# Repairing torn bike shorts



## DSE (Aug 27, 2007)

My bike shorts were too new to throw away after a road accident tore them in the thigh area. I tried to sew the hole shut, but it didn't close the irregular hole very well and eventually pulled apart (though I didn't try using stretchy thread). So, I have now patched them using an iron-on repair kit for neoprene called Iron-Mend, which is a thin but stretchy black fabric for repairing wet suits. I used a patch on both sides of the hole, and pressed HARD with the iron. As you can see from the last picture, so far so good, but we'll see how well it does after some use and washes.


----------



## ETWN Stu (Feb 15, 2007)

Seems to look ok but let me know how the inner one goes as far as comfort on the road goes.


----------



## Fantino (Jul 30, 2008)

Thanks for posting this. I tore a brand new pair of bibs when I went down July 4 (first time I'd worn the bibs - grrr.) I've been pondering how to repair the 3 small holes in the hip area. Looks like about 10 buck from Amazon. . .better than tossing new bibs!

Looks like this patch material is pretty thin, maybe 1/32"? I think I'll give it a try.


----------



## DSE (Aug 27, 2007)

I am not sure you can tell from this attached photo, but it is very thin fabric. And comfort wise, you can't feel the a patch since the material is so similar to the shorts. The open question for me is durability (which is why I patched it from both the inside and out), and I may just opt to hand hand these shorts instead of throwing them in the wash.


----------



## gr8blues (Nov 20, 2009)

I sew stretch fabric for a living and the proper way to patch something like that is to use a piece of fabric as close to the original as possible on the inside only and sew it down especially around the edges. A sewing machine helps and one with a stretch stitch is the best, but it can be done by hand. The bonding with the iron is probably only temporary, but who knows.


----------



## Fantino (Jul 30, 2008)

*That makes sense too.*

Point taken. But I have no clue where to find a tiny piece of stretch lycra nor do I feel competent to do the hand "stretch" stitch. (Hey, if you were close by I'd hire you in a heartbeat.) So I think I'll give the iron on patch a try.

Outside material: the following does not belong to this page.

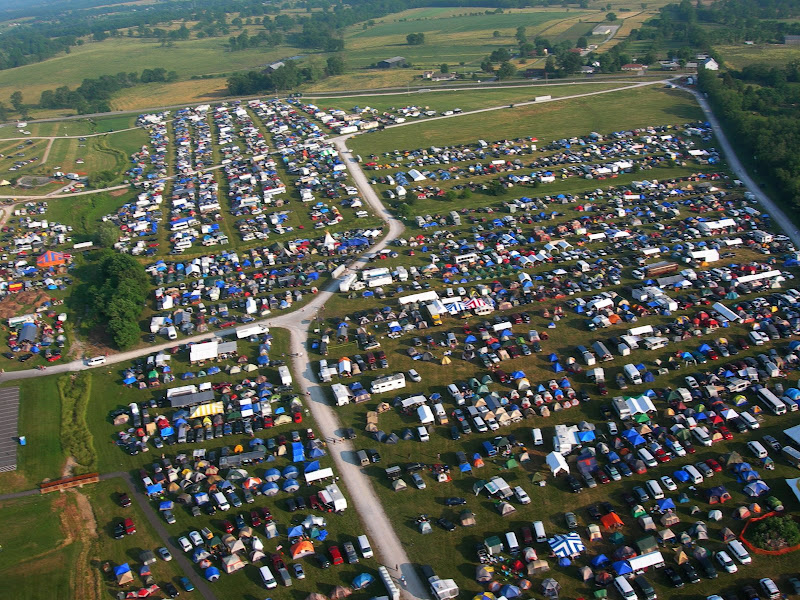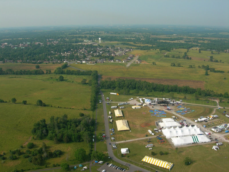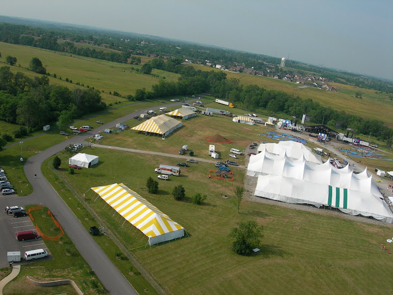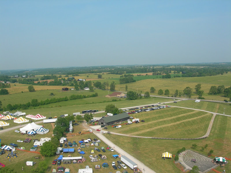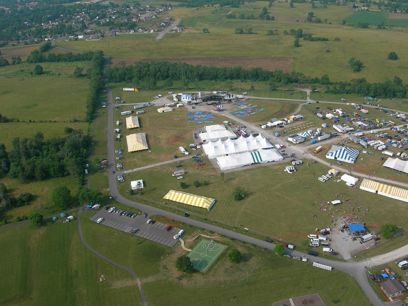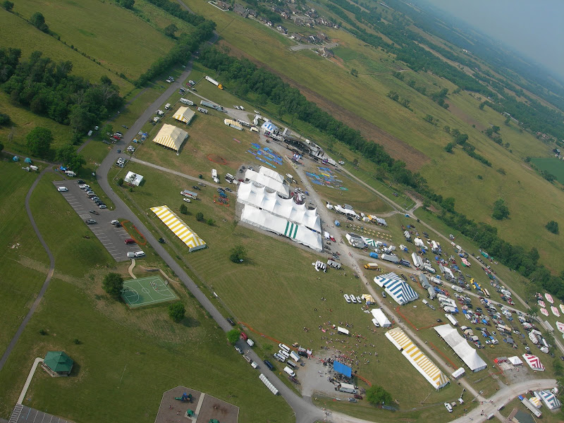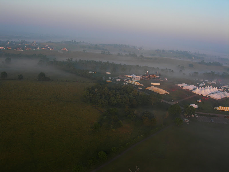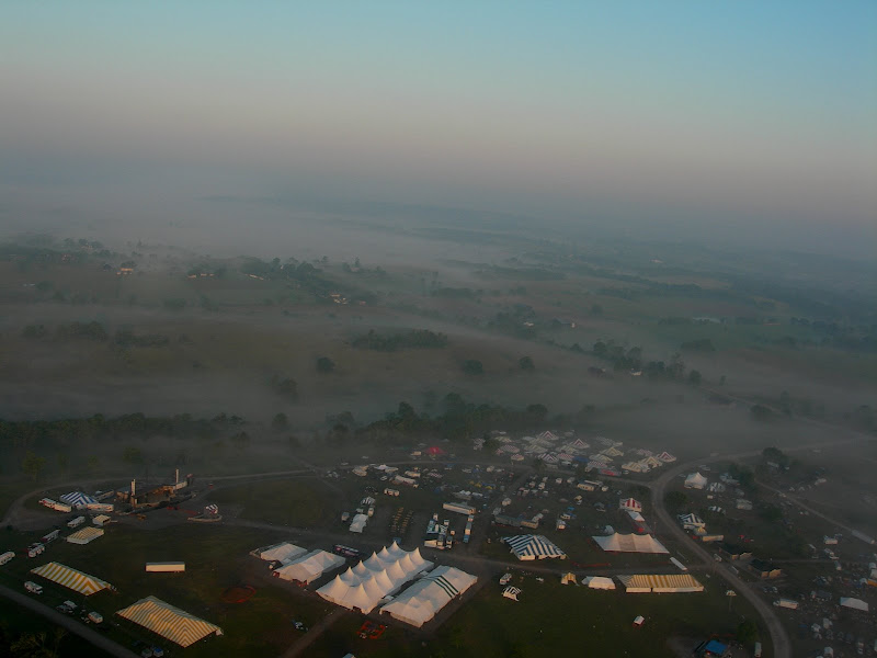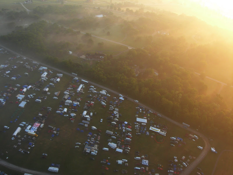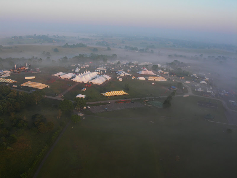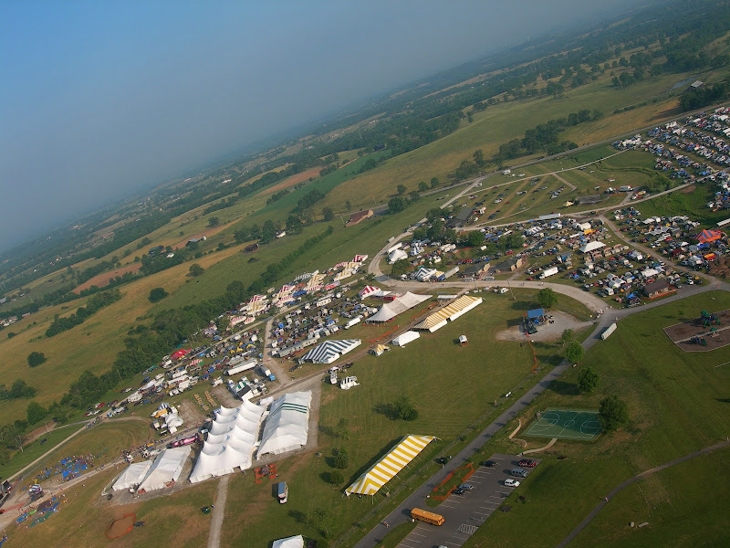 I have been taking photos via my RC airplane for about three years, and this year I decided to bring my plane along to get some shots. It is a small, foam park-flyer that runs off a large electric battery, so it is light-weight and safe. I atttach a regular digital camera (Nikon Coolpix 7900) and strap the shutter down in sports spectator mode so that it takes non-stop while I fly the plane. Conditions this year were a bit too windy for my plane to handle but I was able to get some decent shots, regardless. Sunday morning brought foggy conditions which are my favorite for aerial photos.
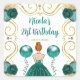 Pegatina Cuadrada Birthday Party Red Hair Princess in Teal

I figure if it's marketed to repair wet suits it might last awhile anyway! Looks like OP DSE and I will be the test case to see how long "Iron Mend" lasts on lycra!


----------



## MisterC (May 26, 2007)

This might be the solution to a problem I have with some shorts that are a bit too see through.

Thanks.


----------



## Mootsie (Feb 4, 2004)

MisterC said:


> This might be the solution to a problem I have with some shorts that are a bit too see through.
> 
> Thanks.


Time for new shorts.


----------



## Mr. Versatile (Nov 24, 2005)

When I tear or wear out a pair of shorts I save them. Next time I wear through, tear, or fall I take the shorts to my local dry cleaner along with the old pair. I tell then to cut whatever they need from the old pair to patch the new(er) ones. Works like a charm - always costs >$10.


----------